La gobernante mexicana subrayó que, durante mucho tiempo, las mujeres indígenas fueron invisibilizadas o relegadas en el relato nacional, por lo que su presencia en la avenida Reforma -tradicionalmente dedicada a héroes y gestas históricas- representa un cambio de fondo.
“Ahora, junto al paseo de las heroínas que inauguramos hace algunos años, afirmamos que las mujeres indígenas son parte fundamental de la historia y que su dignidad no admite jerarquías ni exclusiones”, afirmó.
Sostuvo que los monumentos y los nombres en el espacio público son legados para futuras generaciones y advirtió que “el silencio histórico es una forma de violencia que somete, que aniquila y determina un presente y un futuro”.
En ese sentido, afirmó que estas esculturas “reivindican la memoria histórica” y la grandeza cultural de México.
Entre las figuras representadas mencionó a la mujer de Palenque, Tecuichpo, señora Seis Mono, y Malintzin, sobre esta última, Sheinbaum se detuvo para cuestionar la visión tradicional que la ha señalado como símbolo de traición.
“Esa interpretación responde más a una necesidad de culpar que a una comprensión profunda de nuestra historia”, afirmó, al señalar que Malintzin fue una mujer indígena que utilizó su palabra y su conocimiento lingüístico para sobrevivir en un contexto de violencia y despojo.
“Reconocerla hoy no es reabrir viejas heridas, no.
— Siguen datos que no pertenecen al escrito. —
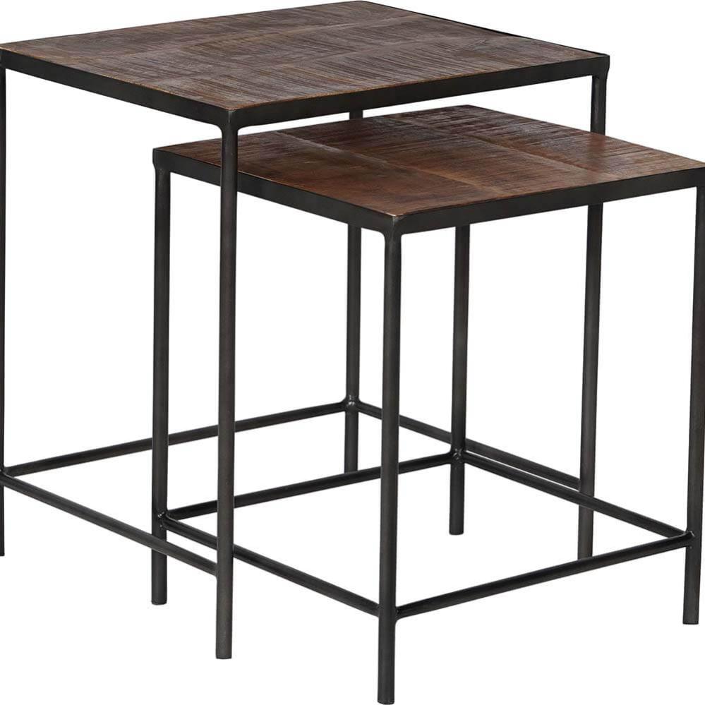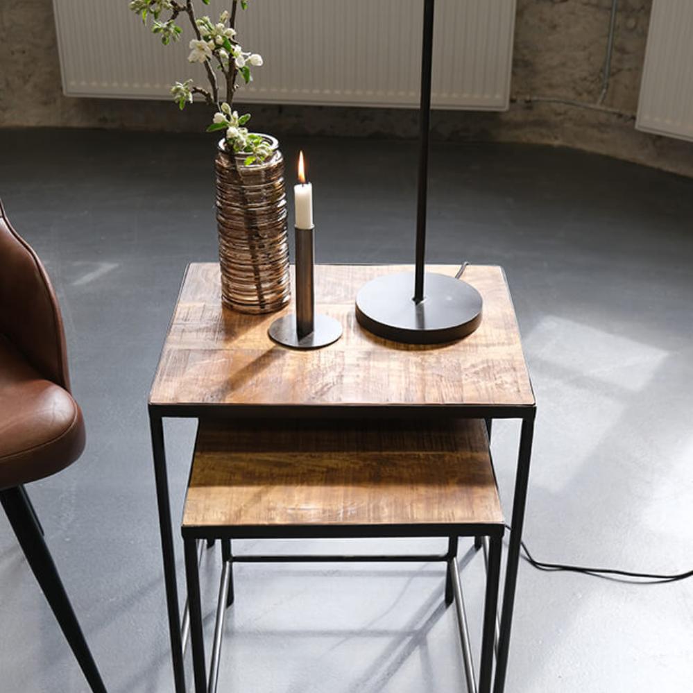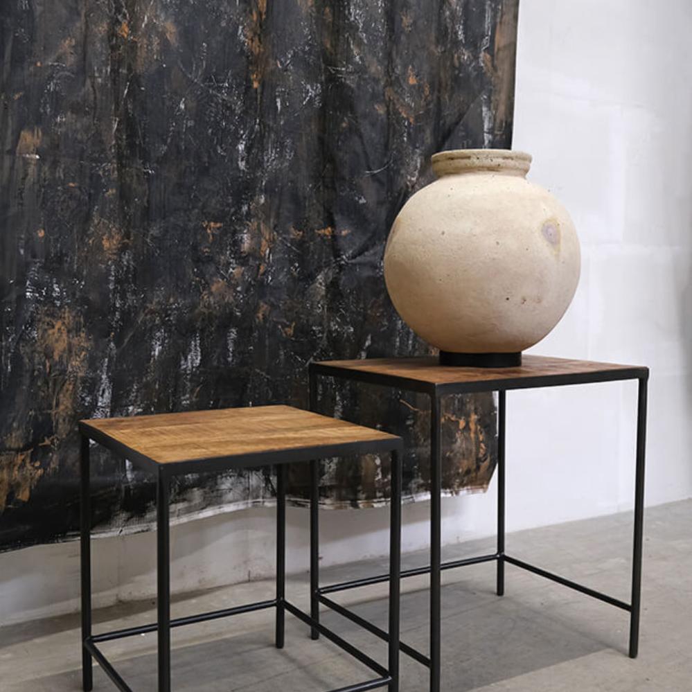 Dette indskudsbord er en minimalistisk duo, der kombinerer rustikt træ med en slank metalramme. Det større bord har en helt enkel firkantet form, som spejles af det mindre bord, der let kan stilles ind under det første. Bordpladerne er lavet af mørkt træ, hvilket skaber en smuk kontrast til de tynde metalben. Perfekt til at spare plads og samtidig tilføje en industriel charme til rummet. Det her sæt er ikke kun praktisk, men også utroligt alsidigt—brug det som sofaborde, sideborde eller til at fremvise dine yndlingsdekorative elementer. Udtrykket er stilrent og diskret, men med en kant af rå æstetik, der taler til moderne og vintage inspirerede indretninger. Stor: H: 54cm x W: 48cm x D: 40cm Lille: H: 46cm x W: 40cm x D: 38cm

Es cerrar una deuda histórica”, dijo, al sostener que en su figura hay mediación, inteligencia y complejidad, “no traición ni vergüenza”.
Sheinbaum concluyó que colocar a las mujeres indígenas “en el centro de la patria” es reconocer la grandeza del país. “Sin las mujeres indígenas no se entiende la historia de México”, afirmó.